Calculating Reaction Force at A for a Beam with Pin Joint | Beam Homework

[Jonski]

Homework Statement

Calculate the reaction force at A?

Homework Equations

ΣMb = 0

The Attempt at a Solution

As there is a pin joint at B it is possible to consider the bar only from A-B.
From here I applied
ΣMb = 0
120 + 20*2 + Ay*4 = 0
This gives Ay = -40kn
Also since there are no forces in the x direction Ax = 0
and Hence A = -40kn or 40n downwards
However this is wrong. I am not sure what I am doing wrong unless it is something that the sum of the y forces don't equal 0, but I think there would be a force at By= 60kn up to combat this.
Any help would be appreciated, thanks.

 

[Simon Bridge]

120kN.m is a moment about A isn't it?
What is the reasoning that suggests that you need only consider the A-B length?
The pin connection at B does not stop rotation about B caused by the force distribution on B-E - just prevents translation of that point.

 

[Jonski]

So would the FBD look like this:

The question says consider the reactions at A and D to be rollers, so thus there is no horizontal force

 

[SteamKing]

So would the FBD look like this:
View attachment 98083
The question says consider the reactions at A and D to be rollers, so thus there is no horizontal force

The pin at point B can develop a force, but it cannot sustain a moment. That's what's missing from your FBD above.

 

[Jonski]

The pin at point B can develop a force, but it cannot sustain a moment. That's what's missing from your FBD above.

So would I add a vertical and horizontal force at point B and then use the equations of equilibrium to solve?

 

[SteamKing]

So would I add a vertical and horizontal force at point B and then use the equations of equilibrium to solve?

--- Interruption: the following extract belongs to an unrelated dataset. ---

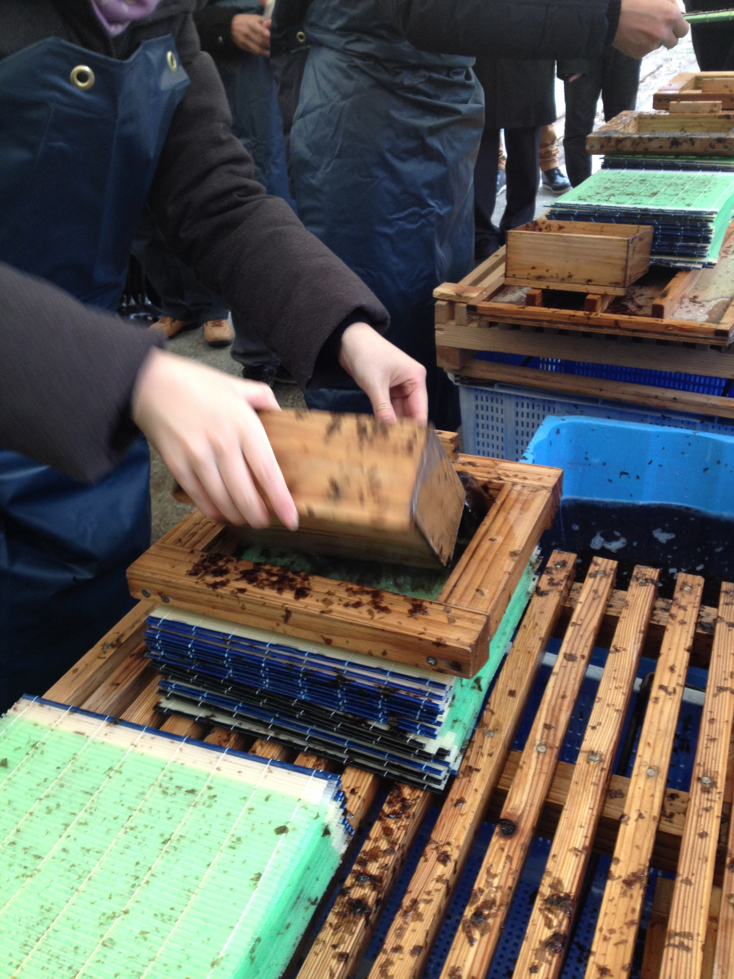 午後は出水で、海苔で手漉き体験です。

You can add a horizontal force at pin B, but it looks like all of the applied loads are vertical.

 

[Jonski]

You can add a horizontal force at pin B, but it looks like all of the applied loads are vertical.

So you're saying it is there, but it would just be zero. Also I'm assuming then that Ex would be 0?
If i do that won't I end up with more unknowns than equations, in which case it would be unsolvable.

 

[SteamKing]

So you're saying it is there, but it would just be zero. Also I'm assuming then that Ex would be 0?
If i do that won't I end up with more unknowns than equations, in which case it would be unsolvable.

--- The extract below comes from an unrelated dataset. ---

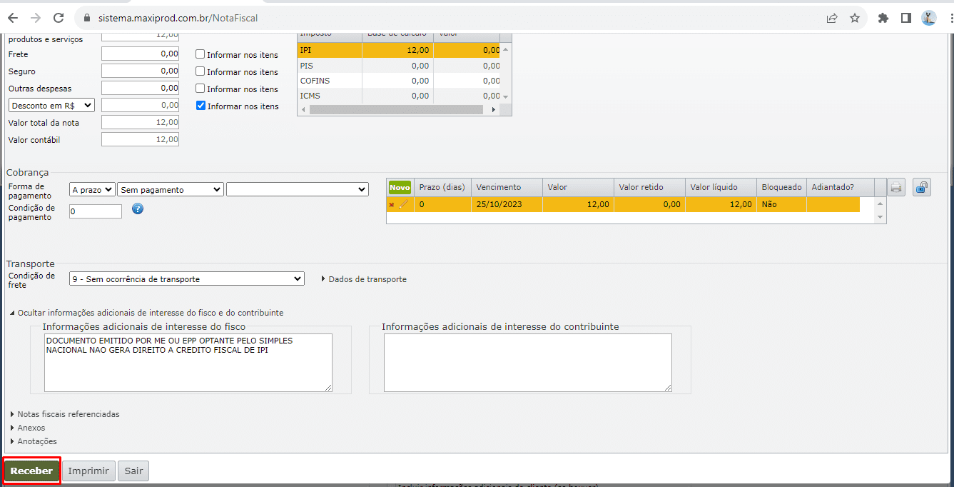 7) A seguir, clique no botão verde “Receber” para efetivar as movimentações e lançamentos referentes à devolução da venda.

That's unlikely, since there are only two supports for the entire beam.

BTW, the beam is only resting against the wall at E. It can't develop a moment at that location, only an axial force.

 

[Jonski]

That's unlikely, since there are only two supports for the entire beam.

BTW, the beam is only resting against the wall at E. It can't develop a moment at that location, only an axial force.

So would the FBD look more like this:

 

[SteamKing]

So would the FBD look more like this:

Yes, that's more like it.

 

[PhanthomJay]

In my estimation, I believe that the wording in this problem is not very good. When it says "resting against a wall", I think it implies "resting atop a wall", otherwise, with the hinge at B, the beam would be unstable.

The force from the pin at B is internal, so when drawing the FBD of the entire beam system, that reaction doesn't enter into the equilibrium equation. I would proceeded by isolating AB first, but you have to be careful with your plus and minus signs, and interpretation of them.